I also was able to have a short commentary accepted for publication on
some modeling issues [4] that actually are of some importance in work I intend
to continue.
In the modeling of charge motion, I have acquired
new software for impedance analysis and I am now applying it to data on
reference electrodes recorded by M. Ciobanu, a doctoral student in the chemistry
department. I have additional
software on order that will provide a capability of modeling charge
distributions in nanoparticles of ionic conductors. This is an area where my previous academic theoretical work
is now of greater practical interest due to the emergence of nanotechnology.
I
am grateful for the opportunity afforded by the PDA and feel that I have put the
time to good use, but I do not feel that presentations are a substitute for
contributions to the primary literature.

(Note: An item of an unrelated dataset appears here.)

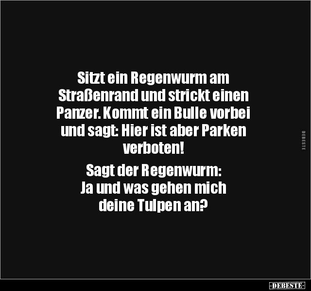 Sitzt ein Regenwurm am Straßenrand und strickt einen Panzer. Kommt ein Bulle vorbei und sagt: Hier ist aber Parken verboten! Sagt der Regenwurm: Ja und was gehen mich deine Tulpen an?

I
intend to submit at least three papers to refereed journals based on my PDA
efforts before the calendar year is out.
1. “Implementing
Latent Semantic Analysis in Learning Environments with Conversational Agents and
Tutorial Dialog,” A. C. Graesser, X. Hu, B. A. Olde, M. Ventura, A. Olney, M.

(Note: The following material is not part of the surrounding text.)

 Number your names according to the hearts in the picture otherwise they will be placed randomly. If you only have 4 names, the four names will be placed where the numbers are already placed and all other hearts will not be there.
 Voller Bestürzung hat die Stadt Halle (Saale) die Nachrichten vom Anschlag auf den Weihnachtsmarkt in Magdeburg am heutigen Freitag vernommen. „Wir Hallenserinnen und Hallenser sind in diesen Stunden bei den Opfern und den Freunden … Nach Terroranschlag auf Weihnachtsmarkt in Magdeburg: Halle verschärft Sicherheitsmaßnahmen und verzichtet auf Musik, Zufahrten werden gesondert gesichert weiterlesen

Lowerse, D. R. Franceschetti and N. Person, accepted for oral presentation at
the Twenty-Fourth Annual Conference of the Cognitive Science Society,
Washington, D.C., July 2002
2. “The
Right Stuff: Do You Need to Sanitize Your Corpus when Using Latent Semantic
Analysis?” B. A. Olde, D. R. Franceschetti, A. Karnavat, A. C. Graesser,
and the Tutoring Research Group, accepted for oral presentation at the
Twenty-Fourth Annual Conference of the Cognitive Science Society, Washington,
D.C., July 2002
3. “Weight
Space Phase Diagram for Simple Neurons Implementing Symmetrical Cellular
Automata
Rules,” D. R. Franceschetti and W. Brad Robinson, MAESC 2000 Conference,
Memphis, TN, May
10, 2002
4. “Biorobotic
Simulations Might Offer Some Advantages over Purely Computational Ones,” D. R.